Why SU11248 works when Gleevec fails

SU11248, a multi-targeted tyrosine kinase inhibitor, can overcome imatinib (IM) resistance caused by diverse genomic mechanisms in patients (pts) with metastatic gastrointestinal stromal tumor (GIST)

In his presentation last June (see the link above) at the 40th annual meeting of the American Society of Clinical Oncology, Dr. George Demetri speculated on why Pfizer’s SU11248 works where Gleevec fails: — SU11248 could interact differently with structural variants of new kinase mutants in GIST clones resistant to Gleevec. — The simultaneous inhibition of multiple signaling pathways (such as VEGF, in addition to PDGFRA and KIT) by SU11248 may be important for controlling GIST.

Mutations in the c-kit gene (85-90 percent), or a closely related gene, PDGFRA (5 percent), appear to be the primary genetic defects that cause GIST. Mutations typically occur in exon 11 (67 percent) or exon 9 (18 percent) of the c-kit gene. One of the most common forms of resistance to Gleevec appears to be the acquisition of a second mutation in the c-kit gene. In these cases, in addition to the initial primary mutation (typically in exon 11 or exon 9), a second mutation occurs in some tumors.

These secondary mutations typically result in resistance to Gleevec. Secondary mutations have been reported in exons 13, 14, 15, and 17 of the c-kit gene.

While surgery or other intervention, such as radiofrequency ablation (RFA), may be a way to deal with some of these rogue tumors, these approaches may not be feasible due to location, size or other problem. SU11248 appears to have activity against at least some of these secondary mutations.

At the ASCO meeting, Demetri reported that tumors with secondary KIT mutations in exons 13 and 14 were “highly sensitive” to SU11248, with a 56 percent of patients benefiting. Of 16 patients, two had a “RECIST response” (significant shrinkage), and nine had stable disease for at least six months. Demetri found that patients with secondary KIT mutations in exon 17 were less sensitive to SU11248. In this small group, three of eight patients (38 percent) had stable disease lasting at least six months, but there were no RECIST responses.

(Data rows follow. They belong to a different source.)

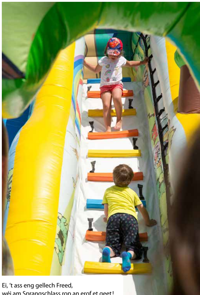
Ei, 't ass eng gellech Freed, wéi am Sprangschlass rop an erof et geet!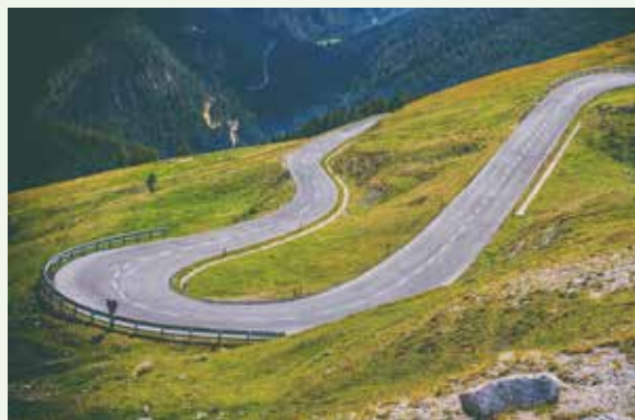
Ibland reser vi på en motorväg, men vi får också färdas på mindre vägar, kanske krokiga och svårare att bemästra.

Vid en av alla dessa fina platser kom min man och jag att prata om att själva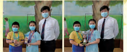
2021 第廿一屆全港校際標準舞及拉丁舞大賽小學校際組全場總冠軍 2021 第廿一屆全港校際標準舞及拉丁舞大賽小學校際雙人 森巴 (S) 冠軍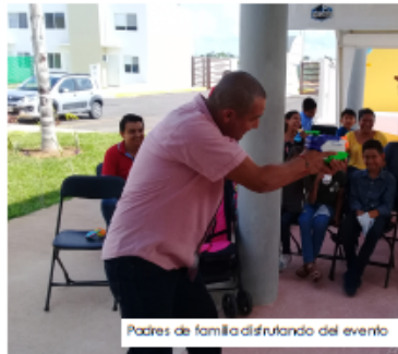
Padres de familia disfrutando del evento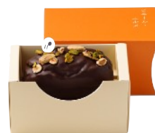
チョコレート&ナッツのパウンドケーキ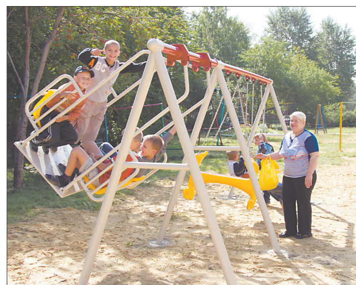
* Детские площадки, оборудованные УК «ТС»: ул. Попова, 14...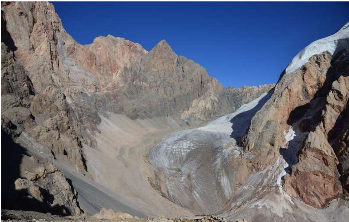
Рисунок 83 - Вид на л.Малая ганза с пер.6866. Ночевки расположены напротив ледового обвала.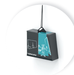
Cale de maintenance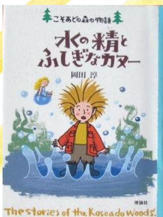
こそあどの森の物語 水の精とふしぎなカヌー 岡田 淳／著 理論社／発行

さまざまな洞窟をナショナルジオグラフィックの最新技術で撮影! 地下や海の中に広がる別世界を堪能できます。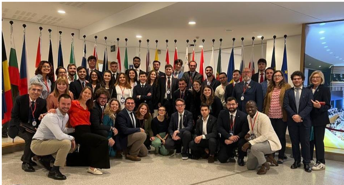
Ilustración 4: Foto grupo de los participantes del Rotary4Europe en el edificio del Parlamento Europeo.

Además de conocer los proyectos relacionados con el cambio climático, tuvimos más charlas, una a destacar acerca de las negociaciones que mantienen con los países que quieren incorporarse en la unión europea y en los que ya pertenecen para cumplir con las políticas básicas democráticas, transparentes y legislaciones donde prevalezca el derecho humano por igual. Cuestiones que son imprescindibles detectar en nuestros países para asegurar el buen desarrollo de todos los proyectos de la EU.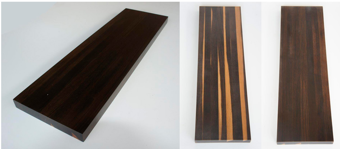
Dąb wędzony - dolna i górna strona

W przypadku dobierania kolorów ścian to ciemna podłoga pasuje do wielu kolorów, więc w tym miejscu użytkownik może mieć wielki wybór. Nie poleca się jednak zbyt dużego kontrastu. Przebywanie w pomieszczeniu, w którym białe ściany otaczają ciemną podłogę może być męczące. Zaleca się w tym wypadku stosowanie ciepłych kolorów. Można jedną ze ścian pokryć dodatkowo ciemną farbą lub tapetą.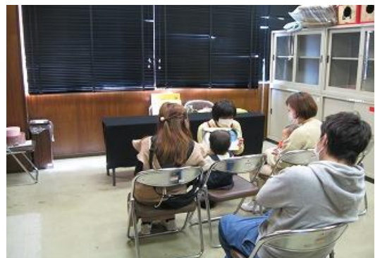
おはなし会【穂波図書館】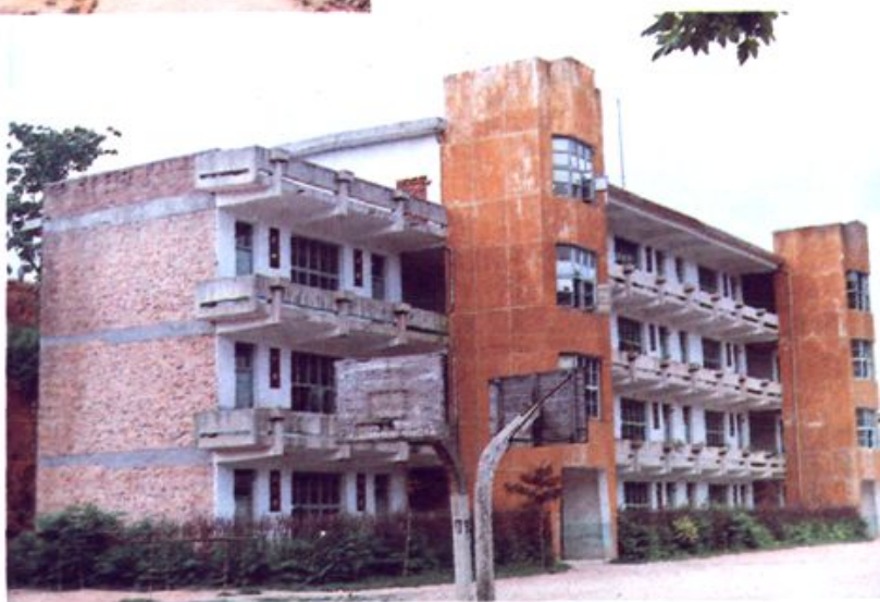
古田六中 教学大楼 ▶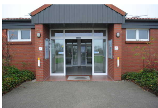
Eingangsbereich Sanitärgebäude 2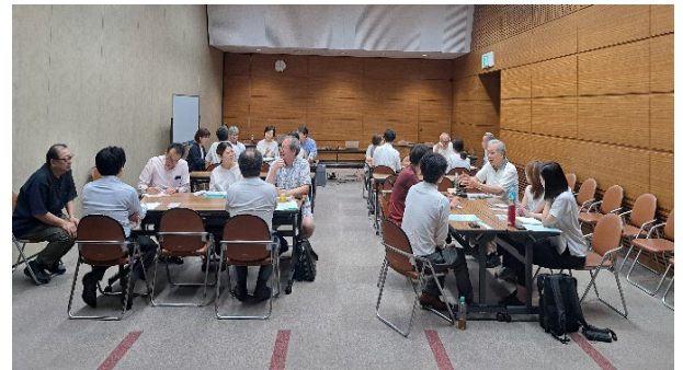
第2部 グループ交流

参加者のアンケートからは、「担当年数でグループ分けされており話しやすかった」「地域や分野別の話があり、より多角的に検討できた」「新たな視点での意見を聞け、考え方や視野が広がった」「今後の連携の兆しも見つけられた」という声もありました。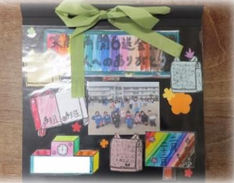
6年生への感謝の気持ちを綴った色紙をプレゼントしました。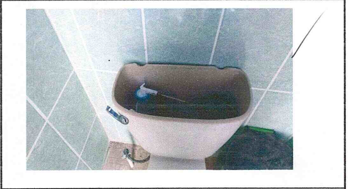
Mantenimiento en servicios sanitarios y accesorios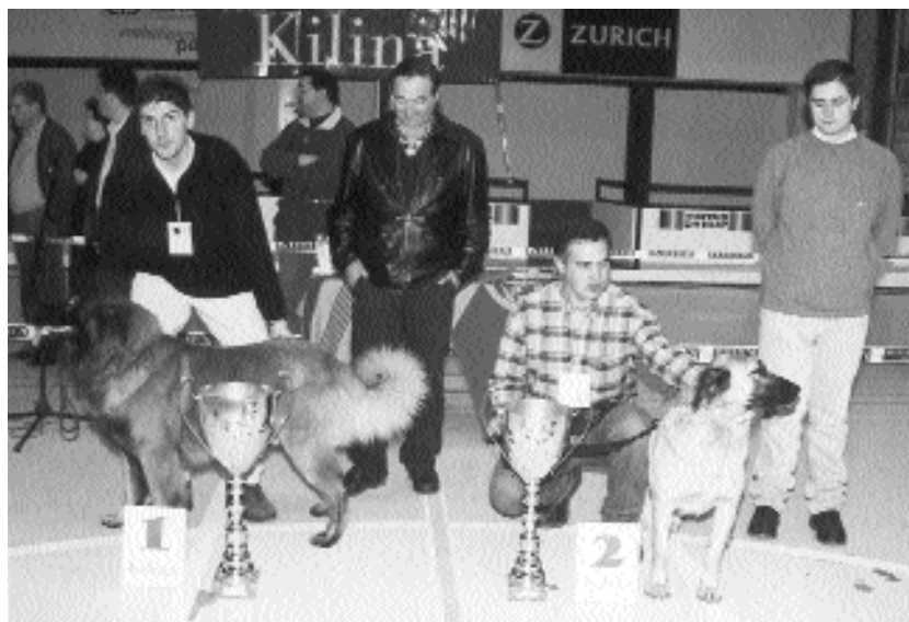
Melhores exemplares do XII Concurso Pedagógico

Este Concurso acabou por ser mais uma Festa do Cão.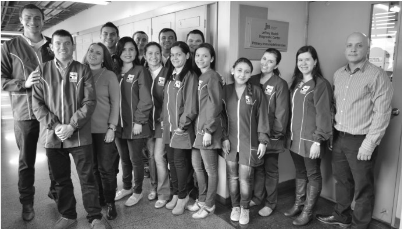
Grupo de Inmunodeficiencias Primarias, Facultad de Medicina de la Universidad de Antioquia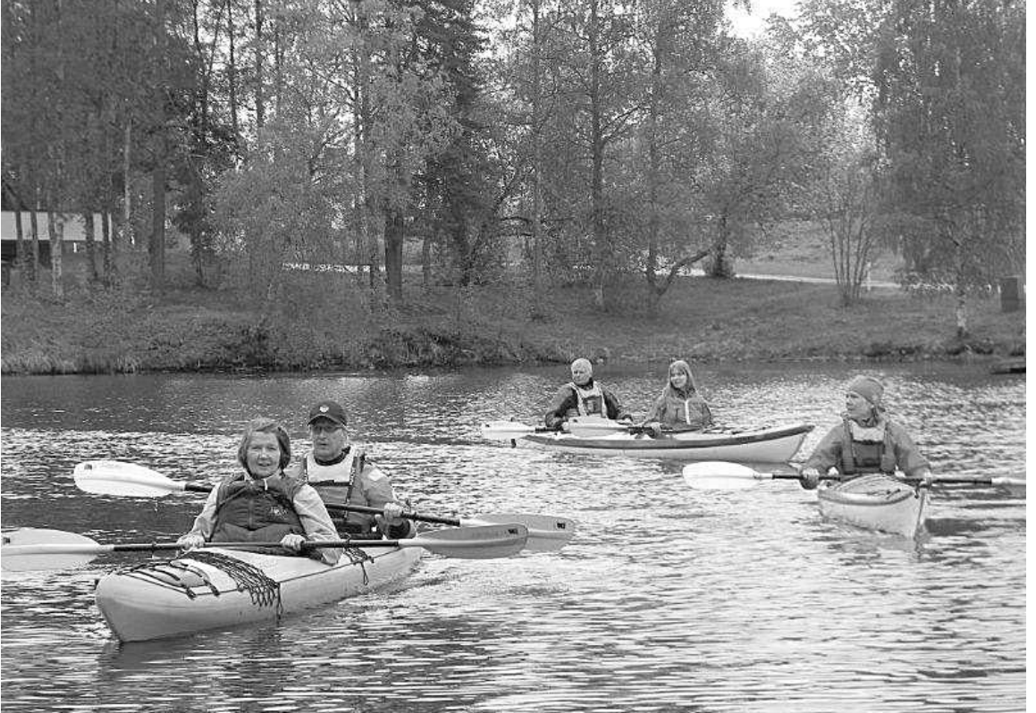
Ohjaajien kanssa vesillä Varpasaassa.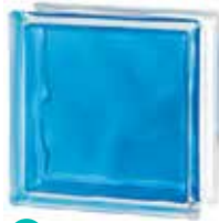
BRILLY BLUE 1919/8 WAVE SAP CODE: 122184

Treatment with Gleevec is typically more effective in patients with an exon 11 mutation and somewhat less effective in patients with an exon 9 mutation. Interestingly, SU11248 appears to have the opposite activity profile, at least in Gleevec-resistant patients. In these patients, it appears to be more effective in those with exon 9 mutations, with a 40 percent RECIST response and another 40 percent achieving stable disease. It appears to be less effective in Gleevec resistant patients with exon 11 mutations.

Patients without KIT or PDGFRA mutations (called “wild-type” KIT/ PDGFRA), are another group of GIST patients that typically do not respond to Gleevec but seem to benefit from SU11248. In the small group reported at ASCO, four of nine patients had stable disease for at least six months, and one had a RECIST response.